Si me preguntan a donde quiero ir, lo que puedo responder es: donde la vida me lleve, porque sé que siempre me querrá llevar hacia la felicidad, eso si yo se lo permito.

He pasado meses buscando, indagando, intentando llegar a lo más profundo de mí misma para obtener respuestas, para adquirir conocimiento y una verdad que no soy capaz de comprender sola. Y sin duda he rozado el fondo, he visto aquel lugar inhóspito que existe en mi cuerpo, bajo la piel, las entrañas y el alma… Y he comenzado el camino inverso, porque he cambiado, porque he visto lo desconocido y he comprendido desde dentro hacia fuera lo que mi vida necesita.

Poner un límite no es fácil, y si naciste con la armadura puesta es muy difícil saber cuando no hay que luchar más, cuando tu lucha tiene que cambiar de rumbo o simplemente, dejar descansar al enemigo que, finalmente, eras tú misma.

La vida es así de sabia, la ley de la naturaleza llega porque es su misión, su verdad y como sea te envía señales, hasta que las puedas ver.

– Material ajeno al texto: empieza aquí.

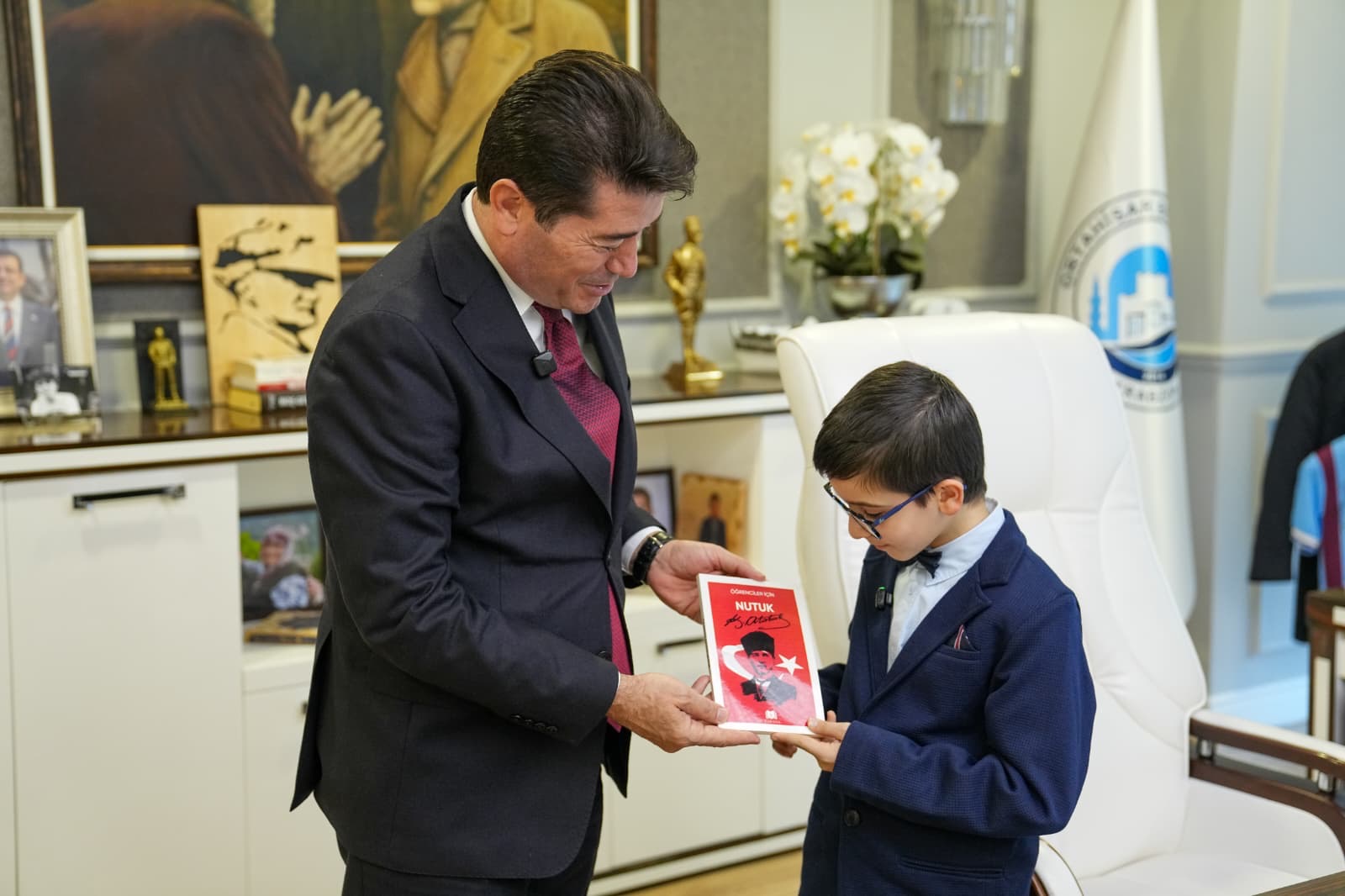 Ortahisar Belediye Başkanı Ahmet Kaya, 23 Nisan Ulusal Egemenlik ve Çocuk Bayramı dolayısıyla TED Trabzon Koleji Ortaokulu 5. sınıf öğrencisi Emin Arman Öztürk ve ailesini makamında ağırladı. Kendisine çiçek veren Emin Arman Öztürk ve ailesini ‘hoş geldiniz’ diyerek karşılayan Başkan Kaya, daha sonra “Buyrun Başkanım” diyerek koltuğunu Emin Arman’a devretti.

A veces el límite no lo pone una sino el cuerpo y su infinita capacidad de hablar, el punto es que cuando te escuchas, se abre un cielo jamás explorado y comienzas por fin a sonreír sin culpa.

Creo que no estoy tan errada, ustedes tampoco tienen mucho que perder si no se lanzan y disfrutan el saltar… ahora es cuando, salta, grita, goza y disfruta, que ¡esta es la vida!